Publications


Migrations divines

The exhibition and the book Divine Migrations provide a new look at the great ancient polytheisms (Egyptian, Greek and Roman) and their borrowing and reappropriation dynamics. Far from being isolated and fixed religious expressions, these facts of civilization intersect and respond to each other in the heart of the Mediterranean. Travel, trade or conquests contribute largely to the diffusion of ancient cults. They shape renewed theological forms that fully illustrate the permeability and spirit of openness carried by the religions of Antiquity.
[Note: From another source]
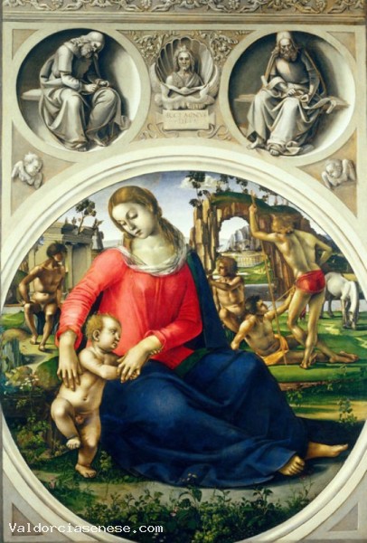 Secondo Giorgio Vasari quest'opera, insieme alla famosa Educazione di Pan, purtroppo distrutta a Berlino nell'ultima guerra mondiale, venne dipinta per Lorenzo il Magnifico. Lo strano impianto iconografico mostra le due principali figure divine in un paesaggio popolato di figure virili nude che probabilmente rimandano all'umanità ante legem, così come accadrà più tardi nel Tondo Doni di Michelangelo. Olio su tavola, cm. 170 x 117,5

edited by Myriame Morel-deledalle
scientific council of jean-luc chappaz and frédéric mougenot

Through a collection of exceptional archaeological works and objects on loan from the Fondation Gandur pour l’Art and the Musées d’Art et d’Histoire of Geneva, this exhibition focuses on three basins of civilization in the Mediterranean - Egypt, Greece and Rome - in which men have imagined gods in different ways and created pantheons with characteristics specific to each culture. The exhibition presents ritual objects and images of worship, which enabled the Ancients to represent the world of the divine or to participate in their quest for immortality.

Migrations divines presents a little over 200 ancient works (dating from the 3rd millennium BC to the 3rd century AD), which bear witness to the adoption of divinities from elsewhere or the formation of new mixed divine forms. It questions the dialogue between the Egyptian, Greek and Roman pantheons in their practices, beliefs and representations of the divine.